Supermarket sales in Chile are up 3.6% for September compared to 1999, marking the first rise in sales since May. They are also the second highest this year, after April which registered a 7.4% rise. Total sales are expected to gross US$4.9bn this year.
Fresh meat sales, the principal contributor to the rise, are up 17.3%, followed by non-consumables such as perfumes, toys and glassware, up 6.6%.

One key reason for this rise is that end-of-month sales figures have been included, but were not in the August accounting. These end-of-month figures are normally higher following increased spending when workers receive their end-of-month pay packets. Seasonal factors, such as Chile's Independence Day celebrations, meant that more meat was consumed than normal, while meat prices have been higher because imports of Argentine red meat fell as a result of an outbreak of foot-and-mouth disease in that country.
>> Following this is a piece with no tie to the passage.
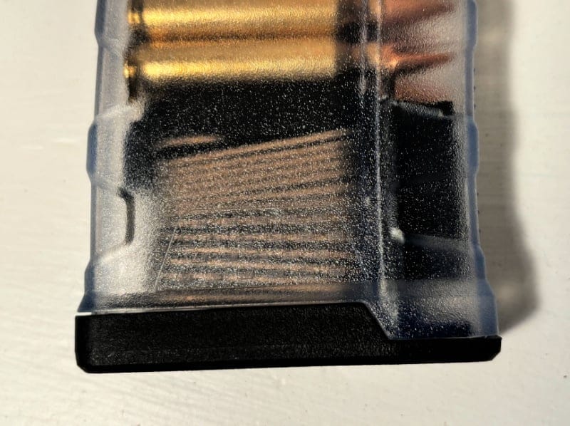 Let’s start with these magazines’ biggest selling feature: transparency. Yes, they say they are “translucent,” but that’s incorrect. Allow me to digress for a moment while I take the industry to task. It’s not just Mission First Tactical’s fault that they mislabeled their magazines. I’ve seen this with plenty of other non-opaque magazines from various manufacturers. The word is not “translucent.” It’s “transparent.” Translucent means light passes through, but you can’t make out any details about what’s behind the surface.

Chilean Supermarket Association (Asach) President Fernando Alvear estimates sales will continue to rise at 2.5% for the rest of the year. This contrasts to his previous optimistic estimate of 5% made at the beginning of the year, the result of an overly optimistic assessment of the economy following last year's recession.

The announcement of the rise in sales comes as competition in Chile's supermarket sector intensifies. This sector is currently led by the Distribution & Servicio group (D&S), controlling the Ekono, Almac and Lider outlets, with a 27.8% market share, followed by Santa Isabel, of the Disco/Ahold holding with 12.1% market share.

Santa Isabel announced its takeover of the AGAS chain earlier this
month and aims to become the biggest operator in Chile. It is looking to continue its expansion and will have US$50m a year to invest from 2003 onwards.

Asach statistics show that 60% of all food sales in Chile are made in supermarkets, demonstrating how the supermarkets are replacing the traditional vendors. These figures explain the current level of competition and expansion in the supermarket sector in the country.